U.S. Secretary of State John Kerry, during a visit on Sunday to Jakarta, Indonesia, addressed the increasingly pressing issue of climate change.
He was speaking to Indonesians, but he could have just as easily, given the relevance and importance of his remarks, been speaking to Americans. China and the United States accounted for 40 percent of the greenhouse gases emitted into the atmosphere that last year made the level of carbon dioxide the highest in recorded history. Indonesia, surprisingly, is third among the world’s carbon pollution producers. Its emissions come from deforestation and agriculture rather than from burning oil and coal.
Kerry walked his audience through the familiar sequence of events. Temperatures increase, glaciers and other ice formations melt, sea levels rise and, if the phenomenon continues uninterrupted, by the end of this century half of Jakarta will be under water. He did not spare the guns on the skeptics of climate change either. The science of climate change, he said, is “absolutely certain” and is accepted by 97 percent of scientists.
Taking dead aim at Americans who oppose action on climate change, he said the rest of the world’s population should not be diverted from dealing with the problem by a tiny minority of “shoddy scientists” and extreme ideologues.
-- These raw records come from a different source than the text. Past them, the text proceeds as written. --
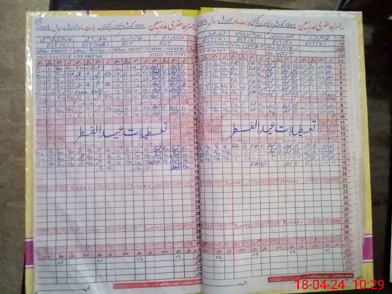 | 36**** | Kh**** Ta**** Ma**** Kh**** | Regular | 4 | 0 | 0 | 0 | 0 | 0 | 0 | 0 | 4 | Exam Duty | |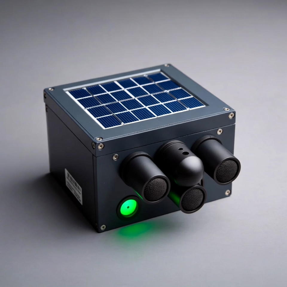 A small solar device with a solar panel on top and three black speakers in front is set against a gray background.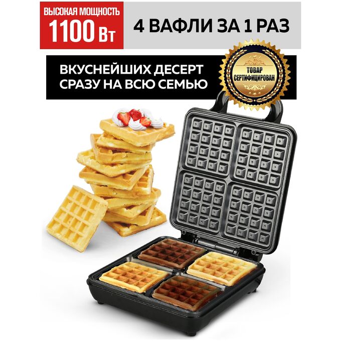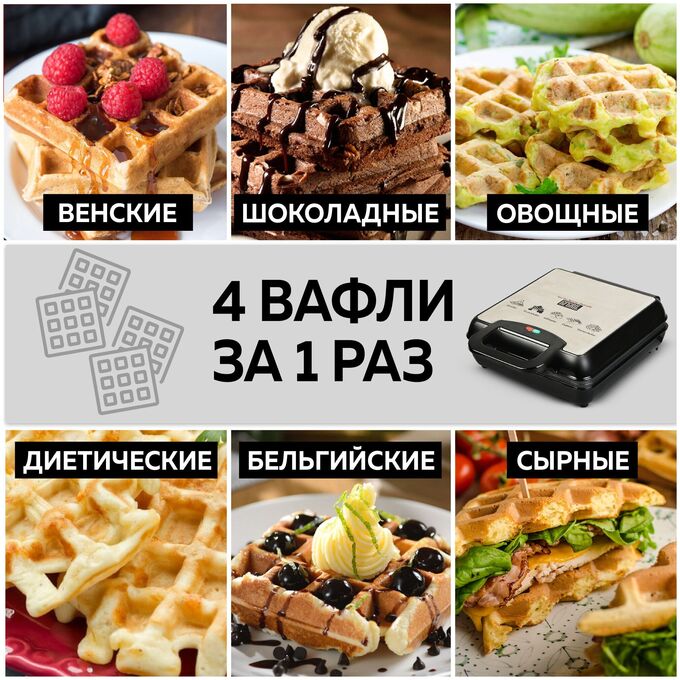 Электрическая вафельница GFW-036 поможет Вам приготовить сразу 4 ароматные, вкусные, хрустящие бельгийские или венские вафли за 1 раз. Тем самым вы экономите Ваше время – всего несколько минут и у вас сразу 4 вкуснейшие вафли или 2 необычных и сытных вафельных сэндвича с Вашей любимой начинкой!

He pledged President Barack Obama’s attention to the matter and said he had taken his just-completed visit to China as an opportunity to engage its leaders on the issue. He said that governments should stop giving incentives to the coal and oil industries and take advantage of the economic opportunities offered by a rapidly expanding global energy market and by renewable energy technology.
Kerry, who has been concentrating most of his energy on Middle East negotiations – between the Israelis and Palestinians, over Iran’s nuclear program and economic sanctions, and regarding the Syrian conflict – addressed in Jakarta what he considers to be an equally urgent global issue. He ranked climate change alongside epidemics, poverty, terrorism and the proliferation of weapons of mass destruction as a global priority requiring attention and action.
“It’s everyone’s responsibility,” he said, and “lack of political resolve” is the problem. History and future generations will not forgive lack of action by today’s leaders.